• **WHAT YOU HAVE TO DO**
From the first line of the records through the line containing "Pegatina de cumpleaños", retype every line exactly and nothing else.

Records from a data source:
* * * * * * *
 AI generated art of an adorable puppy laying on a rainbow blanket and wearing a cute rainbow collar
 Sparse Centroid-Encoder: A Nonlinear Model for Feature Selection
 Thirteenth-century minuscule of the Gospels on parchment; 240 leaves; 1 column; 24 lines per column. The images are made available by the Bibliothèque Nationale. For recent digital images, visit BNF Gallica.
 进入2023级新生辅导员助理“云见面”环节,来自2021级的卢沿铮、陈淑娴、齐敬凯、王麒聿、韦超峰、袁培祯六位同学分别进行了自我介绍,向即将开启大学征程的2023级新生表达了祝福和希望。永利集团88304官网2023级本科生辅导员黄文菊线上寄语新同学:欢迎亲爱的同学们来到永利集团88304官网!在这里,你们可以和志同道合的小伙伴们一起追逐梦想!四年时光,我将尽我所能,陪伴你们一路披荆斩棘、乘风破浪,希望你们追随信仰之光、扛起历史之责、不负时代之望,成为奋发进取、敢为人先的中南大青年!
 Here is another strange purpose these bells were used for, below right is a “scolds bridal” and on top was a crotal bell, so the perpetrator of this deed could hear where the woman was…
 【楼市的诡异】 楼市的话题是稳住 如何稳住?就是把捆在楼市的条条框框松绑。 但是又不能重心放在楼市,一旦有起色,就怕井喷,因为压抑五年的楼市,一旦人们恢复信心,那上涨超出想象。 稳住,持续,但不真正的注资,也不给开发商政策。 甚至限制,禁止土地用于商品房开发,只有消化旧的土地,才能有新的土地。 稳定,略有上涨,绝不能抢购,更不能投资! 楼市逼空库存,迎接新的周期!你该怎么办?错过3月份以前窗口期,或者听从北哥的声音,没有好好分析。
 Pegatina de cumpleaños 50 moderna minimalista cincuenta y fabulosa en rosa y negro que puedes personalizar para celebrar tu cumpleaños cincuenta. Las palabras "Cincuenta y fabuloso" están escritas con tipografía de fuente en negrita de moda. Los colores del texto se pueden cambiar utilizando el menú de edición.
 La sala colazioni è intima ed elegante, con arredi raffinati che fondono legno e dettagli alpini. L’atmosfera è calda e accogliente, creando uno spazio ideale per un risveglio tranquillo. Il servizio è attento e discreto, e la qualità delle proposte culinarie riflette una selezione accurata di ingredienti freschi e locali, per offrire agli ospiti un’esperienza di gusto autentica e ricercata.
* * * * * * *
• **FINISHED TASK**
 AI generated art of an adorable puppy laying on a rainbow blanket and wearing a cute rainbow collar
 Sparse Centroid-Encoder: A Nonlinear Model for Feature Selection
 Thirteenth-century minuscule of the Gospels on parchment; 240 leaves; 1 column; 24 lines per column. The images are made available by the Bibliothèque Nationale. For recent digital images, visit BNF Gallica.
 进入2023级新生辅导员助理“云见面”环节,来自2021级的卢沿铮、陈淑娴、齐敬凯、王麒聿、韦超峰、袁培祯六位同学分别进行了自我介绍,向即将开启大学征程的2023级新生表达了祝福和希望。永利集团88304官网2023级本科生辅导员黄文菊线上寄语新同学:欢迎亲爱的同学们来到永利集团88304官网!在这里,你们可以和志同道合的小伙伴们一起追逐梦想!四年时光,我将尽我所能,陪伴你们一路披荆斩棘、乘风破浪,希望你们追随信仰之光、扛起历史之责、不负时代之望,成为奋发进取、敢为人先的中南大青年!
 Here is another strange purpose these bells were used for, below right is a “scolds bridal” and on top was a crotal bell, so the perpetrator of this deed could hear where the woman was…
 【楼市的诡异】 楼市的话题是稳住 如何稳住?就是把捆在楼市的条条框框松绑。 但是又不能重心放在楼市,一旦有起色,就怕井喷,因为压抑五年的楼市,一旦人们恢复信心,那上涨超出想象。 稳住,持续,但不真正的注资,也不给开发商政策。 甚至限制,禁止土地用于商品房开发,只有消化旧的土地,才能有新的土地。 稳定,略有上涨,绝不能抢购,更不能投资! 楼市逼空库存,迎接新的周期!你该怎么办?错过3月份以前窗口期,或者听从北哥的声音,没有好好分析。
 Pegatina de cumpleaños 50 moderna minimalista cincuenta y fabulosa en rosa y negro que puedes personalizar para celebrar tu cumpleaños cincuenta. Las palabras "Cincuenta y fabuloso" están escritas con tipografía de fuente en negrita de moda. Los colores del texto se pueden cambiar utilizando el menú de edición.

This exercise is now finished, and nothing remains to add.